### Raw data:
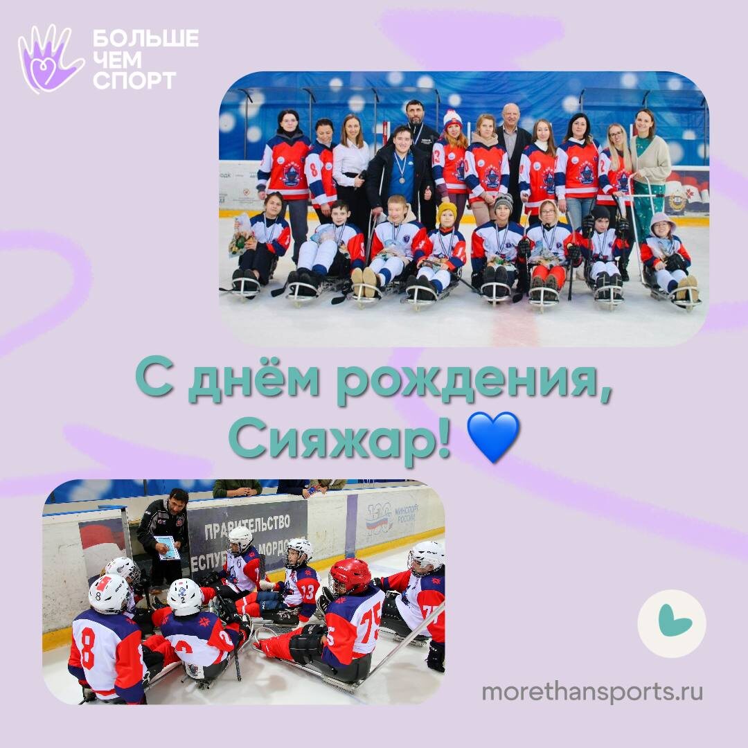 🎉 9 июня — день рождения следж-хоккейной команды «Сияжар» (г. Саранск)! ⠀ За 3 года под чутким руководством профессиональных тренеров Анатолия Юрьевича Паршина и Айваза Бикмурзина команда прошла огромный путь и достигла впечатляющих результатов. ⠀ 🏒 «Сияжар» — это сила духа, командная работа и настоящая любовь к хоккею! ⠀ Поздравляем с днём рождения и желаем новых побед, ярких турниров и нескончаемой энергии на льду! ⠀ 💙 Вперёд, «Сияжар»! 🔥 Вы — огонь, вы — жар, вы — команда «Сияжар»!
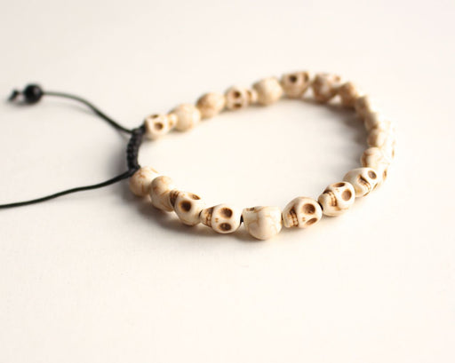 This is a bone bracelet. The bone beads are carved meticulously to form the shape of skull. It is a tribal design and are used in many cultures acr...
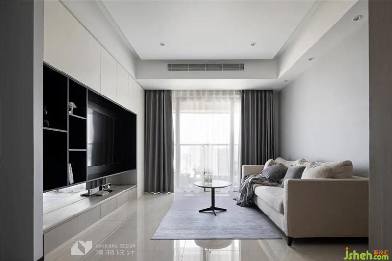 Pure floor tiles extend the line of sight. Morandi color fabric sofa makes the visual focus transition naturally. French windows give you a broad vision. In the afternoon, you can lean on the sofa and see the prosperity of the city through the window in the sunshine.

### Problem to work on:
Instruction for this listing: copy it exactly, but leave the images behind.

### Task response:
 🎉 9 июня — день рождения следж-хоккейной команды «Сияжар» (г. Саранск)! ⠀ За 3 года под чутким руководством профессиональных тренеров Анатолия Юрьевича Паршина и Айваза Бикмурзина команда прошла огромный путь и достигла впечатляющих результатов. ⠀ 🏒 «Сияжар» — это сила духа, командная работа и настоящая любовь к хоккею! ⠀ Поздравляем с днём рождения и желаем новых побед, ярких турниров и нескончаемой энергии на льду! ⠀ 💙 Вперёд, «Сияжар»! 🔥 Вы — огонь, вы — жар, вы — команда «Сияжар»!
 This is a bone bracelet. The bone beads are carved meticulously to form the shape of skull. It is a tribal design and are used in many cultures acr...
 Pure floor tiles extend the line of sight. Morandi color fabric sofa makes the visual focus transition naturally. French windows give you a broad vision. In the afternoon, you can lean on the sofa and see the prosperity of the city through the window in the sunshine.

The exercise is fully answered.